By Sophie Germain's identity $$4k^4+1 = (2k^2+2k+1)(2k^2-2k+1) \tag{A}$$ hence $$\frac{1}{2k^2-2k+1}-\frac{1}{2k^2+2k+1} = \frac{4k}{4k^4+1} = \frac{k}{k^4+1/4}\tag{B}$$ and we may notice that by setting $p(x)=2x^2-2x+1$ we have $p(x+1)=2x^2+2x+1$.
In particular $$\sum_{k=1}^{n}\frac{k}{k^4+1/4}=\sum_{k=1}^{n}\left(\frac{1}{p(k)}-\frac{1}{p(k+1)}\right) = \frac{1}{p(1)}-\frac{1}{p(n+1)}=1-\frac{1}{2n^2+2n+1}$$ equals $\frac{2n^2+2n}{2n^2+2n+1}$ for any $n\geq 1$.

Telescoping is not strictly necessary to be able to compute the value of similar series. For instance $$\sum_{k\geq 0}\frac{1}{k^4+4} = \frac{\pi\cos\pi+\sinh\pi}{8\sinh\pi},$$ but this is a different story, related with Weierstrass products, the Poisson summation formula or the (inverse) Laplace transform.

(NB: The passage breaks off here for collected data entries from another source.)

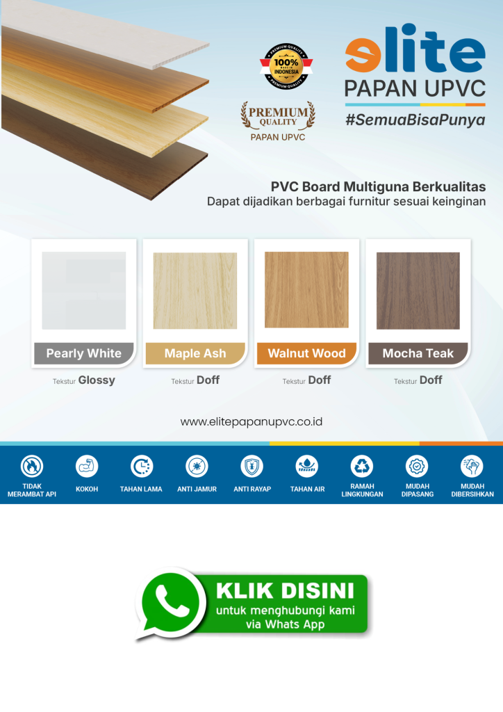 Saran saya, coba konsultasikan kebutuhan furniture kamu dengan material yang punya track record jelas. Elite UPVC hadir dengan berbagai pilihan warna dan tekstur yang bisa menyerupai serat kayu asli, tapi dengan keunggulan teknis yang nggak dipunyai kayu manapun.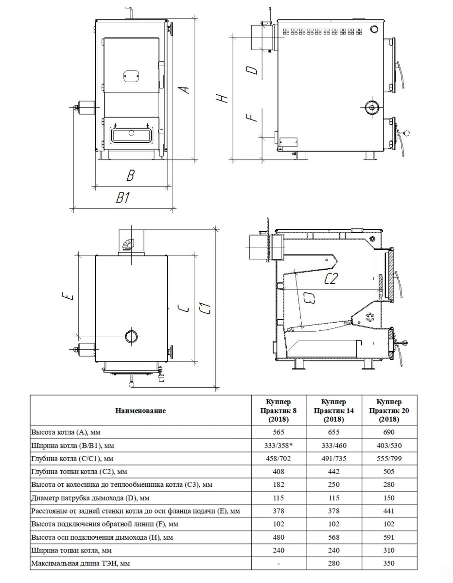 Эффективное отопление дома площадью до 140 кв.м легко обеспечивается котлом «Куппер Практик-14» от производителя «Теплодар». Удобная варочная поверхность позволяет готовить вкуснейшие блюда прямо у себя дома! Модель выполнена из прочной стали толщиной 3 мм, оснащена удобным задним выходом дымохода диаметром 115 мм. Возможна установка электрического ТЭНа мощностью 3–6 кВт и выбор удобного варианта автоматизации процесса горения — регулятор тяги либо вентилятор+пульт дистанционного управления. Удобно, практично и надежно!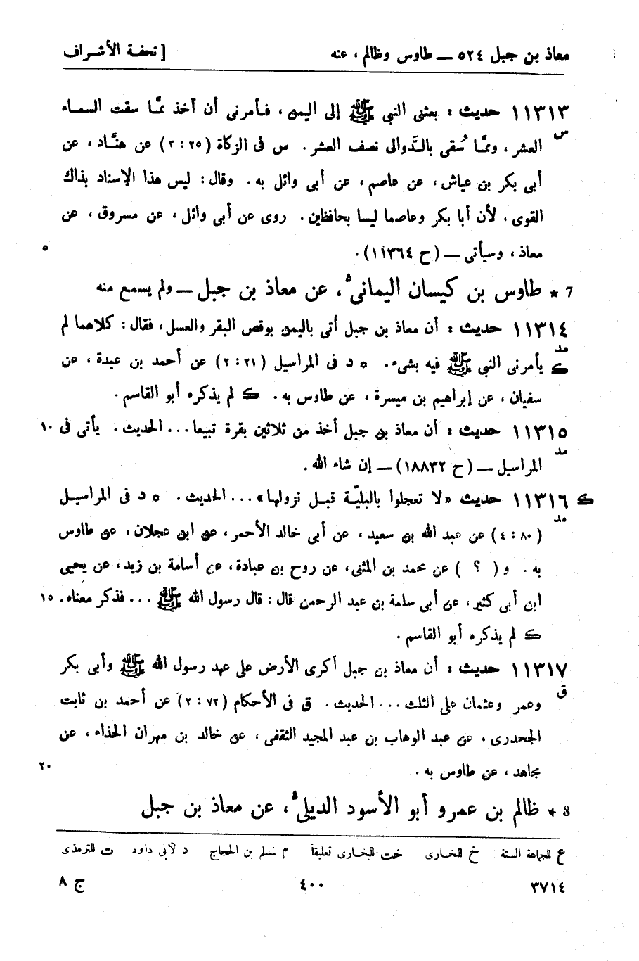 11315 - (مد) حديث: أن معاذ بن جبل أخذ من ثلاثين بقرة تبيعاً ... الحديث. يأتي في المراسيل - (ح 18832) - إن شاء الله.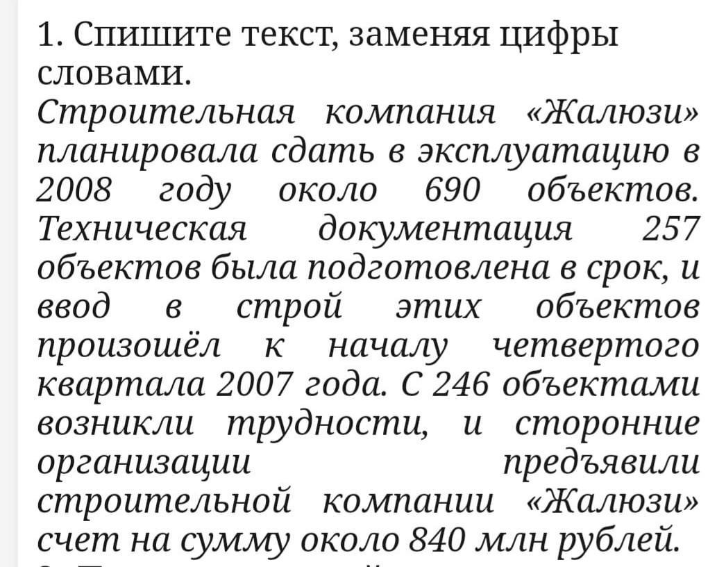 Строительная компания "Жалюзи" планировала сдать в эксплуатацию в две тысячи восьмом году около шестисот девяноста объектов. Техническая документация двухсот пятидесяти семи объектов была подготовлена в срок, и ввод в строй этих объектов произошёл к началу четвёртого квартала две тысячи седьмого года. С двумястами сорока шестью объектами возникли трудности, и сторонние организации предъявили строительной компании "Жалюзи" счёт на сумму около восьмисот сорока миллионов рублей.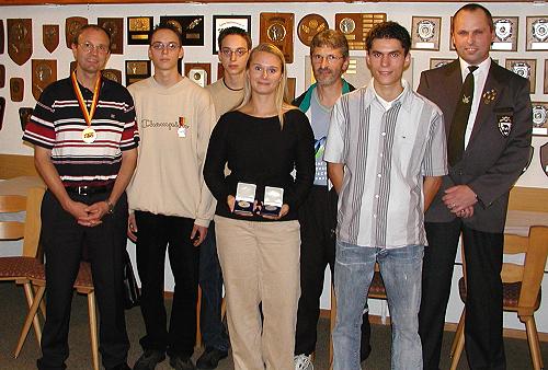 SSV Eberbach stellt Deutschen Meister und Vizemeistermannschaft V.l.: Martin Hildenbrand, Friedrich und Stephan Schölch, Katja Poser, Wulfrin Schatz, Hans Hettmansperger und Roland Johe. (Foto:Claussen)(jc) Am Dienstagabend wurden im Rahmen einer kleinen Feier im Schützenhaus die Teilnehmer des SSV Eberbach an den Deutschen Meisterschaften geehrt. Wieder einmal zeugten die in München erzielten Ergebnisse dabei von der beeindruckenden Leistungsdichte im Verein. Denn neben dem Meistertitel für Martin Hildenbrand im Luftgewehr, Altersklasse und der Vizemeisterschaft der Damen im KK 100 Meter verbuchten die Eberbacher weitere gute Platzierungen. Ohnehin beweise allein die Tatsache, dass man sich mit 11 Schützinnen und Schützen für die Deutschen Meisterschaften auf der Olympiaschießanlage in München- Hochbrück qualifizieren konnte vom hohen Leistungsstand beim SSV, würdigte der 2. Vorsitzende, Roland Johe, die Leistung der Teilnehmer.

• Thanks for enlightening answer! I may ask how does one get hints on thinking in that direction? – akhmeteni Sep 28 '17 at 15:15
• Also tell me where I can find more identities like the one you provided (Sophie-germain identity)! – akhmeteni Sep 28 '17 at 15:17
• @akhmeteni: I can only give you the hard answer: experience. Practice makes perfect, meaning that it really helps you in recognizing which paths are plausible and which paths are not. – Jack D'Aurizio Sep 28 '17 at 15:18
• @akhmeteni: about SGI: artofproblemsolving.com/wiki/… – Jack D'Aurizio Sep 28 '17 at 15:18
• +1 for the very simple telescoping approach and the remark at the end is a big bonus. – Paramanand Singh Oct 1 '17 at 14:21

Try to break the denominator into product of two factors:

\begin{align} 4k^4 + 1 &= (2k^2)^2 + 1 + 2 (2k^2) - 2 (2k^2) \\ &= (2k^2 +1)^2 - (2k)^2 \\ &= (2k^2 +2k +1)(2k^2 -2k+1) \end{align}

Using this we see the general term as:

$$T_k = \dfrac{1}{2k^2-2k+1} - \dfrac{1}{2k^2+2k+1} \\ T_{k+1} = \dfrac{1}{2k^2+2k+1} - \dfrac{1}{2(k+1)^2+2(k+1)+1}$$

Alternate terms cancel and the sum telescopes to:

$$1-\frac{1}{2n^2+2n+1}$$

• Thanks to you too! – akhmeteni Sep 28 '17 at 15:23
• you are welcome :) – samjoe Sep 28 '17 at 15:24

The solutions by Jack d'Aurizio and samjoe are no doubt optimal, but I wondered if one could discover a solution even if one were not so clever as to see the (Sophie Germain) factorization. Here are the values of $S_n = \sum_{k=1}^{n}\frac{k}{k^4+1/4}$ for $n \le 15$: $$\frac{4}{5},\frac{12}{13},\frac{24}{25},\frac{40}{41},\frac{60}{61},\frac{84}{85}, \frac{112}{113},\frac{144}{145},\frac{180}{181},\frac{220}{221},\frac{264}{265},\frac{ 312}{313},\frac{364}{365},\frac{420}{421},\frac{480}{481}.$$ One notices that the numerators are divisible by 4; dividing by 4, one recognizes the sequence of triangular numbers, $t_n = n(n+1)/2$. Thus one can guess that $S_n = \frac{4 t_n}{4 t_n + 1}$. Then one can set out to prove this guess by induction. The induction step requires proving the identity $$\frac{4 t_n}{4 t_n + 1} + \frac{4(n+1)}{4(n+1)^4 + 1} = \frac{4 t_{n+1}}{4 t_{n+1} + 1},$$ or equivalently $$\frac{4(n+1)}{4(n+1)^4 + 1} = \frac{4 t_{n+1}}{4 t_{n+1} + 1} -\frac{4 t_n}{4 t_n + 1}.$$ It is straightforward to verify this by simplifying the RHS, and in the course of this, one discovers the Sophie Germain factorization.